------ Dataset content ------

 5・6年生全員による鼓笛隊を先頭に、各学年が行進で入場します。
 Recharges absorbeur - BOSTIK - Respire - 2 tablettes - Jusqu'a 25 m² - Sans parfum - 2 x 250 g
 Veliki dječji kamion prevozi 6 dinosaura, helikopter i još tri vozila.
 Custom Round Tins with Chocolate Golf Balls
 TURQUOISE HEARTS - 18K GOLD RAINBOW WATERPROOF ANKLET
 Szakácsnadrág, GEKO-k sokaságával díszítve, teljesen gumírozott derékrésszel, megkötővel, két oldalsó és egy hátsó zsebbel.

------
------ Dataset content ------

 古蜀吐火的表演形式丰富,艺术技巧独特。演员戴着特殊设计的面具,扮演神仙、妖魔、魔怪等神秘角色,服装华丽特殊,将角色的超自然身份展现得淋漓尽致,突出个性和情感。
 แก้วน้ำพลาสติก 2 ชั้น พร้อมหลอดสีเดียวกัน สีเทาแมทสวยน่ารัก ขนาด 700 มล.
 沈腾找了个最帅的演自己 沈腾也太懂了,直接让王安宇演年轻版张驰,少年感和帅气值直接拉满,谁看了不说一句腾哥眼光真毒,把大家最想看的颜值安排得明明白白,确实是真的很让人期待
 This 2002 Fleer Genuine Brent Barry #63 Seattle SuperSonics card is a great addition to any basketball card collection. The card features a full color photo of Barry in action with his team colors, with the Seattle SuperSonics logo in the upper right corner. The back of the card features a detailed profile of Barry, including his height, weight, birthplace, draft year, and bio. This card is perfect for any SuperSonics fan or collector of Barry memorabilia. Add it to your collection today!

------

What is being asked
Set apart and copy each line of the records that holds the word "with".

Solution
 Custom Round Tins with Chocolate Golf Balls
 This 2002 Fleer Genuine Brent Barry #63 Seattle SuperSonics card is a great addition to any basketball card collection. The card features a full color photo of Barry in action with his team colors, with the Seattle SuperSonics logo in the upper right corner. The back of the card features a detailed profile of Barry, including his height, weight, birthplace, draft year, and bio. This card is perfect for any SuperSonics fan or collector of Barry memorabilia. Add it to your collection today!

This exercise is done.